§ Supplied information
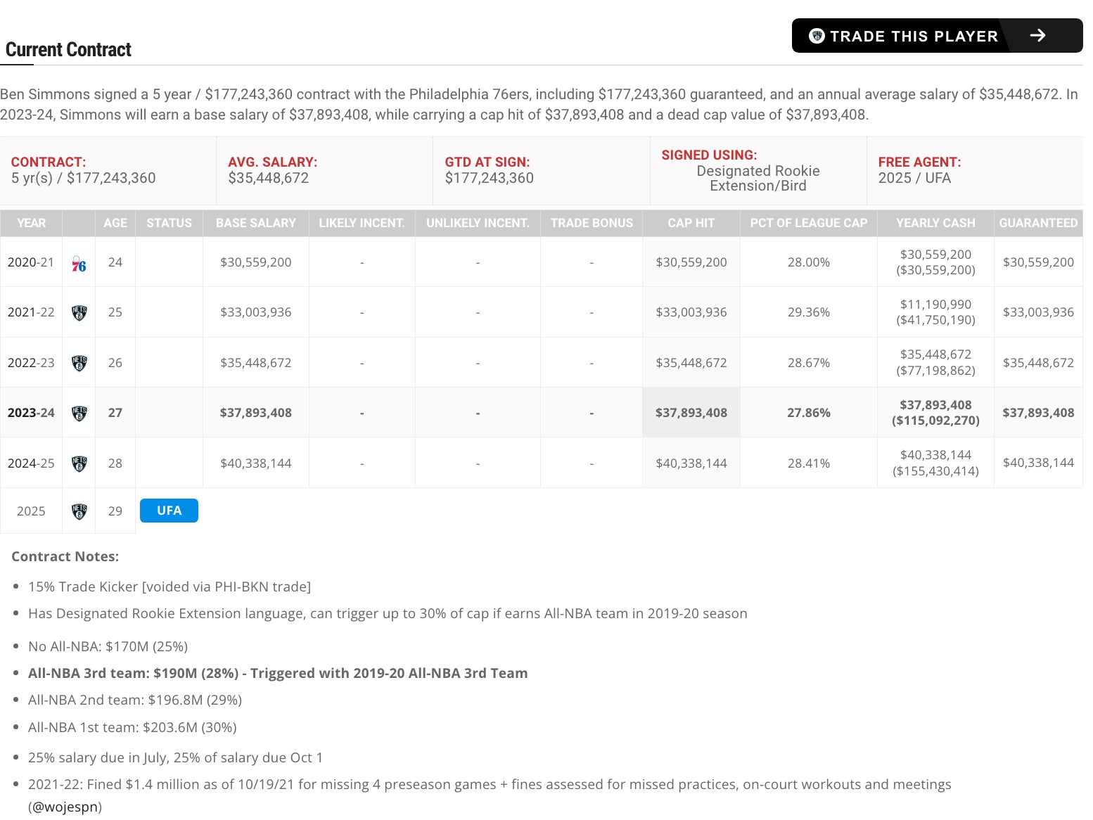 Almost every time we've seen one of these large contracts get moved, the team trading the player also had to attach some sort of picks package in order to pull it off. But if the Nets can't offload Simmons and that's a sticking point for them, well then nothing else really matters. Could we see someone like Utah and Danny Ainge decide to get involved here to the point where they are the 4th team involved and they end up with Simmons? Maybe the Spurs? We did hear Shams say this could be a 3 or 4 team ordeal, and I bet that's because of Simmons.
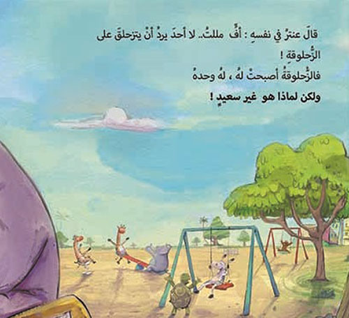 نبذة الناشر:يرفض عنتر السماح لأصدقائه اللعبَ على الزحلوقة، ويستولي عليها ليلعب بها بمفرده، لأنها كما يعتقد ملكه وحده، عندها يتركه الأصدقاء ليتشاركوا ألعاباً أخرى.. قصة لطيفة برسومات طفولية مشوقة، تؤكد متعة العمل الجماعي وأهمية الابتعاد عن الأنانية، وضرورة مشاركة الآخرين.
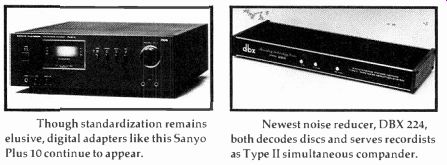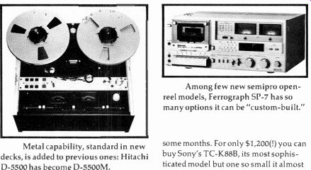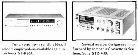 --------------- ![]() Power metering, now common place, is supplemented by spectrum display in Optonica SX-9305 power amp. New circuitry appears in integrated as well as separate amps; this is Lux L-480 Duo-Beta model. ---------------------- Once again, preamps are the object of much technical refinement and innovation. For several years, Harman Kardon has been promising that its association with Finnish audio engineer Matti Otala would result in some important new products. Its first Otala-inspired design is the Model 725 preamp ($270), in which it claims to have cut negative feedback (one factor associated with dynamic intermodulation phenomena, originally identified by Otala) by some 30 dB. Harman Kardon has opted not to use integrated circuits in its construction, claiming that they were made unacceptable by discrete components' higher resistance to thermal distortion. Lux, too, addresses the issue of negative feedback in its two new preamps, the C-500A and the C-120A. Priced at $1,400 and $445, respectively, they employ Lux's Duo-fl circuitry, which limits the negative feedback over most of the band and employs separate DC/infrasonic feedback. Maintaining correct RIAA equalization without compromising cartridge loading is one of the claims for Hegeman Audio Products' Model Hapi 2 preamp ($900), which relies on passive equalization. So does the $325 Sirius preamp from Dennesen Electrostatic, which now has a full line of electronics. A company that we reported on back in September 1979, JSH Laboratories, has been re formed under the name MTI, Inc. Its Model 500 is an all-Class A design said to provide enough output to allow use of the line amp section as a separate power amp independent of the preamp functions; it will supply up to 50 watts per channel into an 8-ohm load. Also ship ping their first preamps are Tandberg, with the $1,000 Model TCA-3002, and ADC, whose tube model was demonstrated in prototype last year. Audionics of Oregon incorporates a unique device into its RS-1 Class A preamp ($1,200): An AXIAL TILT knob makes electronic corrections for up to seven degrees of vertical misalignment of the phono pickup to improve stereo imaging. One of the most flexible preamps offered comes from Soundcraftsmen in the SP-4001, which com bines a 10-band dual-channel graphic equalizer with full preamp circuitry ($550). Finally, kit builders will appreciate the appearance of Audible Illusions. A spokesman told us that the new West Coast company plans to fill the void left when Dynaco stopped manufacturing high-quality tube amplifier kits. First offerings from Audible Illusions include a low-priced three-tube preamp, the Mini Mite I, the more sophisticated Dual Mono, and a solid-state model, the M-1. In amplifiers, integrated and otherwise, the emphasis appears to be on moderate power output combined with subtle circuit refinements. Akai's three integrated amps range in output from 37 watts (15 3/4 dBW) to 68 watts (18% dBW) per channel. The top-of-the-line Model AM-U06 ($350) features a pulsed power supply, three-step loudness contouring, and an independent recording-output defeat to prevent interference from unused decks. ReVox' integrated amp, the B-750 Mk. II ($1,000), has a rated out put of 75 watts (183/4 dBW) per channel with 1 dB of dynamic headroom. Lux has incorporated its Duo-,Blow-negative-feedback circuitry into its three integrateds, the L-580, L-480, and L-450. Kenwood has put a lot of thought and engineering expertise into its L-01A integrated amplifier ($1,500). Having determined that conventional amplifiers built on chassis formed of magnetic materials exhibit magnetically generated harmonic distortion, the company constructed this 100-watt model of non magnetic materials and separate from its power-supply module. Somewhat more conventional in construction is the Kenwood KA-500 integrated amp, rated at 43 watts (16% dBW). With the KT-500 tuner and RC-500 remote control, it constitutes a full remote-controlled system. Marantz' three new integrated amps range in power output from 38 watts (15 3/4 dBW) to 87 watts (19% dBW). The top-of-the-line PM-700 is packed with features, including a dual-channel, 5-band graphic equalizer and a Freon cooling system. Prices for the Marantz amps range from $225 to $420. Toshiba's entry is the SB-445 ($260), an integrated amp with a 45-watt (161/2 dBW) output. And Qysonic, now a division of-guess what!-Motown, has entered the electronics market with its M-1 integrated model. Rated at 85 watts per channel (19 1/4 dBW), the Qysonic is a high-speed, Class A design. Gone are the days of power amps with enough output to run a washing machine, it would seem, though some pretty hefty models continue to appear. An English company, Esoteric Audio Research, has a 500-watt (27 dBW) mono tube amp for $2,650. It also has one with an output of 100 watts (20 dBW) and a price tag of (just) $1,000. Another unusual entry is from Spectron Electronics in California, whose Class D switching amp is said to pump out 500 watts (27 dBW) per channel from its 18-pound chassis. And Infinity, which was the first to introduce a Class D amp some years back, is now offering a hybrid Class A power amp. The Model HCA ($4,000) employs tubes in the input stage and high-speed transistors in the output stage for a rated power output of 150 watts (21% dBW) per channel. SAE's three power amps range in output from 100 watts (20 dBW) to 250 watts (24 dBW) and in price from $550 to $1,000. Dubbed the SAE 01 Series, each of these amps combines two amplifiers per channel-one to handle the positive slope of a musical waveform and the other the negative slope. SAE claims that this design handles complex speaker loads-even 2-ohm loads-more easily than conventional amps. Harman Kardon's approach to low negative feedback is reflected in its Model 770 amp ($400). Though its output is a moderate 65 watts (18 dBW), the 770 employs separate toroidal power supplies for each channel. Two new Amp

§ What you are asked to do
Word for word, restate the lines above from the first through the one that contains "نبذة الناشر:يرفض عنتر", and exclude all pictures.

§ Task response
 Almost every time we've seen one of these large contracts get moved, the team trading the player also had to attach some sort of picks package in order to pull it off. But if the Nets can't offload Simmons and that's a sticking point for them, well then nothing else really matters. Could we see someone like Utah and Danny Ainge decide to get involved here to the point where they are the 4th team involved and they end up with Simmons? Maybe the Spurs? We did hear Shams say this could be a 3 or 4 team ordeal, and I bet that's because of Simmons.
 نبذة الناشر:يرفض عنتر السماح لأصدقائه اللعبَ على الزحلوقة، ويستولي عليها ليلعب بها بمفرده، لأنها كما يعتقد ملكه وحده، عندها يتركه الأصدقاء ليتشاركوا ألعاباً أخرى.. قصة لطيفة برسومات طفولية مشوقة، تؤكد متعة العمل الجماعي وأهمية الابتعاد عن الأنانية، وضرورة مشاركة الآخرين.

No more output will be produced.